Louise Walker McCannel, granddaughter of Walker founder Thomas Barlow Walker, played a critical role in the history of the Walker: both the private Walker Art Galleries and the public Walker Art Center. After graduating from Smith College in 1937, where she earned a degree in Fine Arts, Louise and her brother, Hudson, became the caretakers of the vast and varied art collection amassed by T.B. Walker. Louise was appointed director of the Walker Art Galleries and while Hudson left for New York in 1938, she stayed to help facilitate the Walker Art Galleries 1939 transition to the Walker Art Center.
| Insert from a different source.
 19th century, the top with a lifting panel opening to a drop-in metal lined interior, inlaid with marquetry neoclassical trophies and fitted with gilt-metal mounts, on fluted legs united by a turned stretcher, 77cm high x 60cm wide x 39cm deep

She worked at the new institution in many capacities: as director of the Children’s Gallery, editor of the Magazine of Art, and assistant curator.
As curator, she worked on the Walker’s extension program: educational outreach in the form of 36 small exhibitions that circulated throughout the state of Minnesota. These thematic shows—on jewelry, Chinese painting, and Ancient Greece, Rome and Egypt, and based on works in the T.B. Walker Collection—used portable panels for easy transport, a format that may seem old fashioned and quaint today, but was a very progressive form of outreach in 1940.
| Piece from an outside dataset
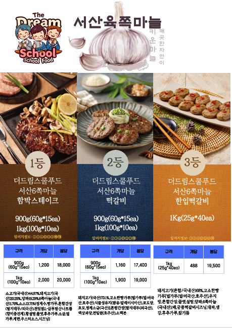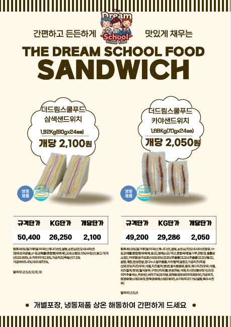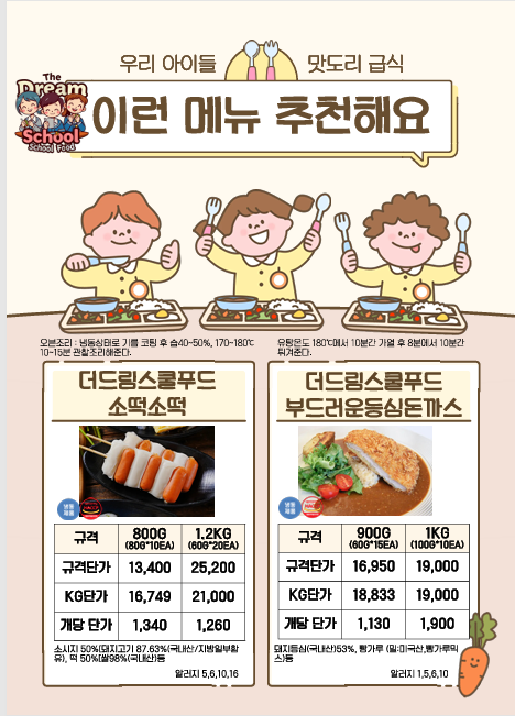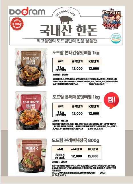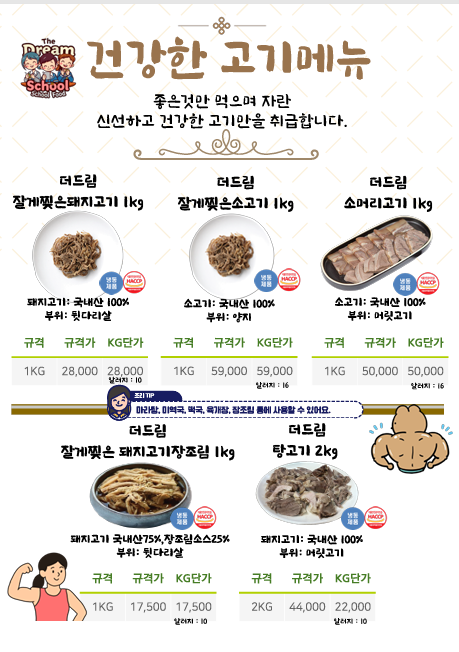 ♣한맥푸드♣ 더드림스쿨푸드 (찢은고기.국밥.오리고기,돈까스.소떡소떡,샌드위치.햄버거.떡갈비.마카롱등) 3월단가표

McCannel was instrumental in helping the Walker through its early years as an art center, and continued to serve on its board for more than 60 years. She was an active member from 1950 to 1997, and in 1998, after she became an honorary board member, continued to be a staunch supporter.
McCannel’s work and her philanthropy extended far beyond the Walker, as well. In a story about her life in the Star Tribune, Walker director emeritus Martin Friedman, who worked with her over several decades, described her as “a fierce, no holds-barred liberal when it came to social causes. She was always on the side of the little guy. She had a great sense of community and was an enemy of anything that smacked of racism. She was really dedicated to making a better world.”